Claudio Brindis de Salas Garrido

Claudio Jose Brindis de Salas Garrido
Claudio Brindis de Salas in 1880 with his Stradivarius and his Prussian decoration "Order of the Black Eagle".
Claudio Brindis de Salas in 1880 with his Stradivarius and his Prussian decoration "Order of the Black Eagle".
Background information
Also known asEl Paganini Negro, El Rey de las Octavas
Born(1852-08-04)4 August 1852
Havana, Cuba
Died1 June 1911(1911-06-01) (aged 58)
Buenos Aires, Argentina
Occupation(s)Concert violinist, Composer.

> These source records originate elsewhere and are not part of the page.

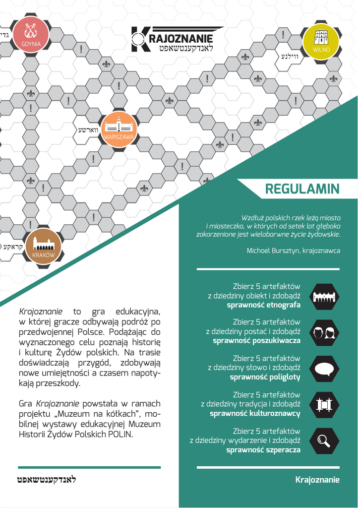 REGULAMIN Wzdłuż polskich rzek leżą miasta i miasteczka, w których od setek lat głęboko zakorzenione jest wielobarwne życie żydowskie. Michoel Bursztyn, krajoznawca Krajoznanie to gra edukacyjna, w której gracze odbywają podróż po przedwojennej Polsce. Podążając do wyznaczonego celu poznają historię i kulturę Żydów polskich. Na trasie doświadczają przygód, zdobywają nowe umiejętności a czasem napotykają przeszkody. Gra Krajoznanie powstała w ramach projektu „Muzeum na kółkach”, mobilnej wystawy edukacyjnej Muzeum Historii Żydów Polskich POLIN. לאנדקענטשאפט Krajoznanie Zbierz 5 artefaktów z dziedziny obiekt i zdobądź sprawność etnografa Zbierz 5 artefaktów z dziedziny postać i zdobądź sprawność poszukiwacza ? Zbierz 5 artefaktów z dziedziny słowo i zdobądź sprawność poligloty Zbierz 5 artefaktów z dziedziny tradycja i zdobądź sprawność kulturoznawcy Zbierz 5 artefaktów z dziedziny wydarzenie i zdobądź sprawność szperacza Krajoznanie 1 Edukacyjna gra planszowa Krajoznanie O GRZE Liczba graczy: od 2 do 5 osób Sugerowany wiek graczy: 14 + Polska przez stulecia była krajem wielokulturowym i wielowyznanio- Czas gry: ok. 45 min. wym, wspólną ojczyzną Polaków, Białorusinów, Litwinów, Niemców, Ormian, Rosjan, Tatarów, Ukraińców i Żydów. Obok kościołów, budowa- ZAWARTOŚĆ PUDEŁKA ne były cerkwie, meczety i synagogi. Na początku XX w. jedną z największych mniejszości narodowych stanowili Żydzi. Dzięki grze Krajoznanie • plansza poznacie bogatą kulturę i historię Żydów polskich. Przekonacie się, że • 7 pionków głównych, którymi poruszacie się po planszy jest ona integralną częścią historii Polski, która bez dziejów polskich • 49 pionków markujących, które zostawiacie na medalionie odwiedzonego Żydów jest niekompletna. miasta • 1 kostka do gry Nazwa gry nawiązuje do popularnego przed wojną ruchu promujące- • 7 zestawów kart miast, na które składają się: karta miasta (po 1 na miasto) go turystykę, obcowanie z przyrodą, zwiedzanie historycznych miejsc. oraz karty artefaktów (2 komplety po 5 kart do każdego miasta) Landkentenisz oznacza w jidysz – języku używanym przez wschodnio- • 10 legitymacji, które definiują Wasze cele podczas gry europejskich Żydów – krajoznawstwo, czyli właśnie poznawanie kraju. • 20 biletów, które uprawniają Was do pobrania kart artefaktów Historyk żydowski Emanuel Ringelblum pisał, że landkentenisz to nie • 10 kart sprawności, które otrzymacie po zdobyciu 5 odpowiednich kart tylko uczenie się przeszłości miasta ale przede wszystkim poznawanie ludzi. Podczas gry każdy z Was wcieli się w postać młodego podróż- artefaktów • 28 kart szczęście nika. Staniecie się grupą dziewcząt i chłopców, w wieku 15-17 lat, któ- • 28 kart pech rzy reprezentują pierwsze pokolenie ludzi urodzonych i wykształconych • regulamin gry w odrodzonej Polsce. Pochodzą oni z różnych rodzin żydowskich: religijnych lub zasymilowanych, bogatych lub biednych, mieszkają w różnych rejonach Polski. Każdy z nich ma swoje talenty, plany i marzenia. Plansza to wehikuł czasu. Przenosi Was na terytorium II Rzeczpospolitej, kiedy w jej granicach leżały Wilno i Drohobycz, a Gdynia była najmłodszym miastem Polski, symbolem jej witalności i nowoczesności. 2 לאנדקענטשאפט Krajoznanie 3 Etnografka/Etnograf CEL GRY zdobywa 5 artefaktów z dziedziny obiekt Zadaniem graczy jest odwiedzenie wskazanych miast, zdobycie określonej sprawności i powrót do swojego miasta urodzenia. ? Poszukiwaczka/Poszukiwacz zdobywa 5 artefaktów z dziedziny postać Poliglotka/Poliglota REGUŁY GRY zdobywa 5 artefaktów z dziedziny słowo Każda osoba wybiera jedną legitymację. Znajduje się w niej krótka notka o postaci, którą będzie rozgrywać grę oraz obowiązkowe zadania: miasta, które postać ma odwiedzić i sprawność, którą ma uzyskać. Dobierzcie tak postacie, aby każdy startował z innego miasta i zdobywał inną Kulturoznawczyni/Kulturoznawca zdobywa 5 artefaktów z dziedziny tradycja Szperaczka/Szperacz zdobywa 5 artefaktów z dziedziny wydarzenie sprawność. Następnie każdy wybiera kolor pionka głównego, którym W mieście odbieracie karty artefaktów, których treść czytacie na głos. będzie poruszać się po planszy. W każdym mieście jest tylko jedna karta artefaktu z jednej dziedziny. Dlatego, aby zebrać 5 kart artefaktów musicie odwiedzić przynajmniej Kostka determinuje liczbę ruchów, jednak to Wy decydujecie, jaką trasą 5 miast. Aby pobrać kartę artefaktu trzeba mieć bilet. Na początku gry chcecie się poruszać. Ruchy mogą być robione w dowolnym kierunku. każdy dostaje po 2 bilety. Każdy kolejny bilet otrzymacie kiedy zbierzecie Po trasach poruszacie się pionkami głównymi. Wchodząc na medalion 5 punktów. miasta zostawiacie tam jeden ze swoich pionków pomocniczych. Punkty zdobywa się na dwa sposoby: Jeżeli wyrzucisz taką liczbę oczek, że przechodzisz przez miasto, zatrzy- 1. Poprzez dotarcie do kolejnych miast mujesz się w nim, pobierasz kartę artefaktu i przesuwasz się o pozosta- • Pierwsze wejście do każdego miasta to 4 punkty łą liczbę oczek, np. do Lublina brakuje Ci 3 pól, ale wyrzucasz 5 oczek; • Drugie wejście do tego samego miasta to 3 punkty przesuwasz się o 3 pola – na medalion miasta Lublina, odbierasz arte- • Trzecie wejście do tego samego miasta to 2 punkty fakt i przesuwasz się o kolejne 2 pola. Jeżeli wchodzicie do tego samego miasta dwa razy z rzędu nie otrzymujecie żadnych punktów np.: jeżeli jesteś w Lublinie nie wystarczy, że Sprawność zdobywa się poprzez zebranie przynajmniej 5 artefaktów wyjdziesz z miasta na odległość liczby wyrzuconych oczek i wrócisz. z odpowiedniej dziedziny: Aby otrzymać punkty za drugie lub trzecie wejście do Lublina musisz udać się najpierw do innego miasta. 4 לאנדקענטש
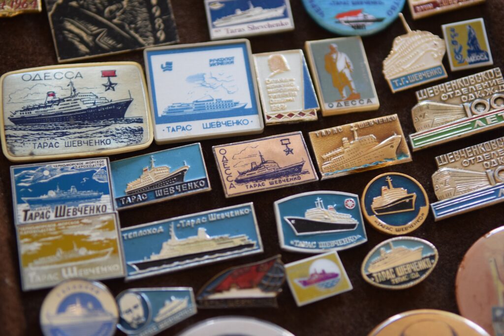 Найстаріший значок датується 1914 роком. Є унікальні експонати з Одещини у формі кораблів, “байкерські” металеві та дерев’яні варіанти. Деякі речі чоловік шукав 40 років. Особливо цінні ті, що їх надсилав колекціонер з Донеччини під час АТО – щоб зберегти від знищення.
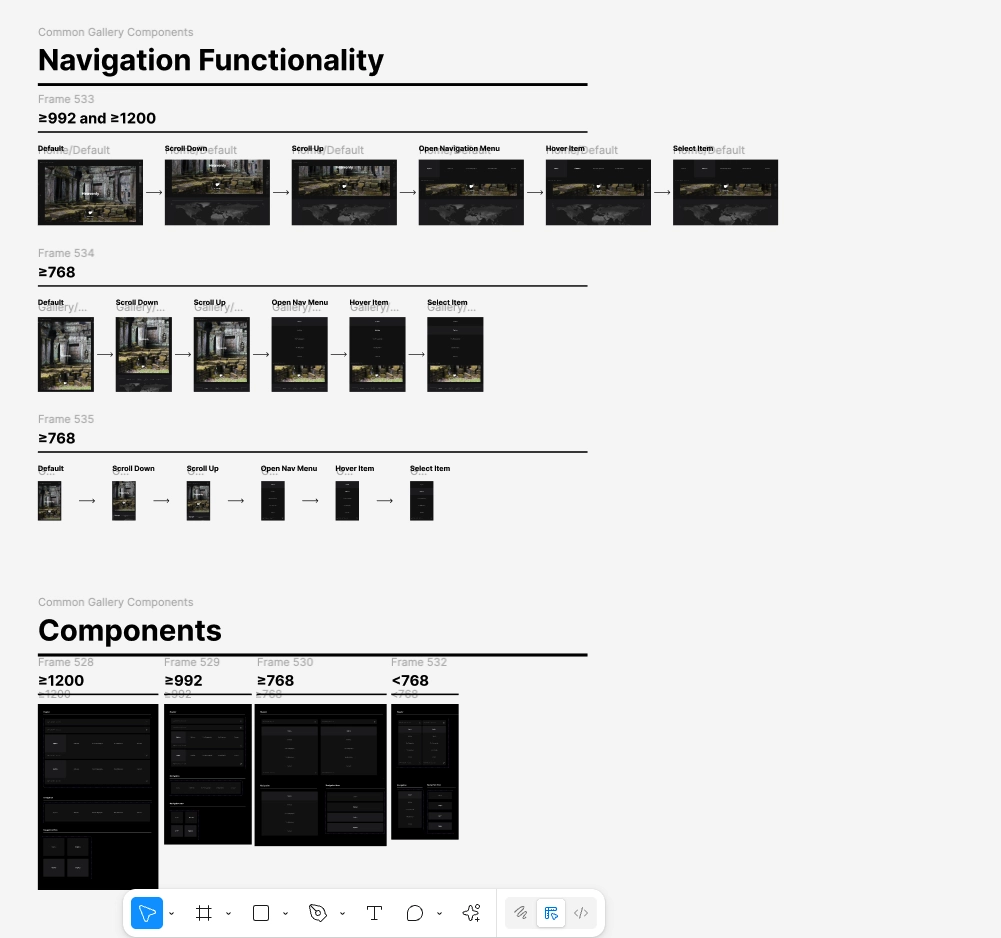 These deliverables included high-fidelity Figma prototypes for key interactions, a custom component library tailored for a media-rich experience and the final fully developed and populated Webflow site with interactive map and timeline navigation.

Claudio José Domingo Brindis de Salas Garrido (4 August 1852 – 1 June 1911) was a Cuban concert violinist. His father was the violinist and bandleader, Claudio Brindis de Salas. The son surpassed his father, and was a violinist of world renown. He studied under his father, and then with maestros José Redondo and the Belgian José Van der Gutch (who lived in Havana). In 1863 he first performed in public, in Havana, with Van der Gutch as accompanist. Ignacio Cervantes also played at the same function.

In 1864 he toured with his father and his brother José del Rosario in the Cuban cities of Matanzas, Cárdenas, Cienfuegos and Güines; in 1869 to Veracruz, México. He went from México to Paris, to study under Hubert Léonard and Charles Dancla, and gained entry to Conservatoire de Paris, where he won first prize in 1871. He then toured Florence, Turin and Milan, where he played at La Scala. His tours in Europe brought great critical and public enthusiasm.

In 1875, he returned to the Americas, and was appointed director of the Conservatoire de Haiti. He played in Caracas (1876), in Cuba in Havana (1878) and Santiago de Cuba, then to Veracruz again and México City, where he performed Mendelssohn's Concerto for violin and orchestra. In later years he played in St Petersburg (1881), New York (1887), Barcelona (1889), Santo Domingo (1895), San Juan, Puerto Rico, Port of Spain, Trinidad and Tobago (1896), Caracas (1899), Tenerife (1902), Ronda, Spain (1911), and ended his career in Argentina.

Claudio composed a few works, but he was primarily a concert performer, and to judge from critical notices, one of the best in the world at that time. Alejo Carpentier called him "the most extraordinary of the black musicians of the nineteenth century... an unprecedented case in the musical history of the continent". The French government made him a member of the Légion d'Honneur, and the German Kaiser gave him the title of Baron de Salas. In Buenos Aires he was given a genuine Stradivarius; when he stayed in Berlin, he married a German woman, was appointed chamber musician to the Emperor, and became a German citizen. He died in 1911, now in poverty, from tuberculosis in Buenos Aires. In 1930 his remains were transferred to Havana with great honours.

The church, Iglesia de San Francisco de Paula, Havana, contains his ashes.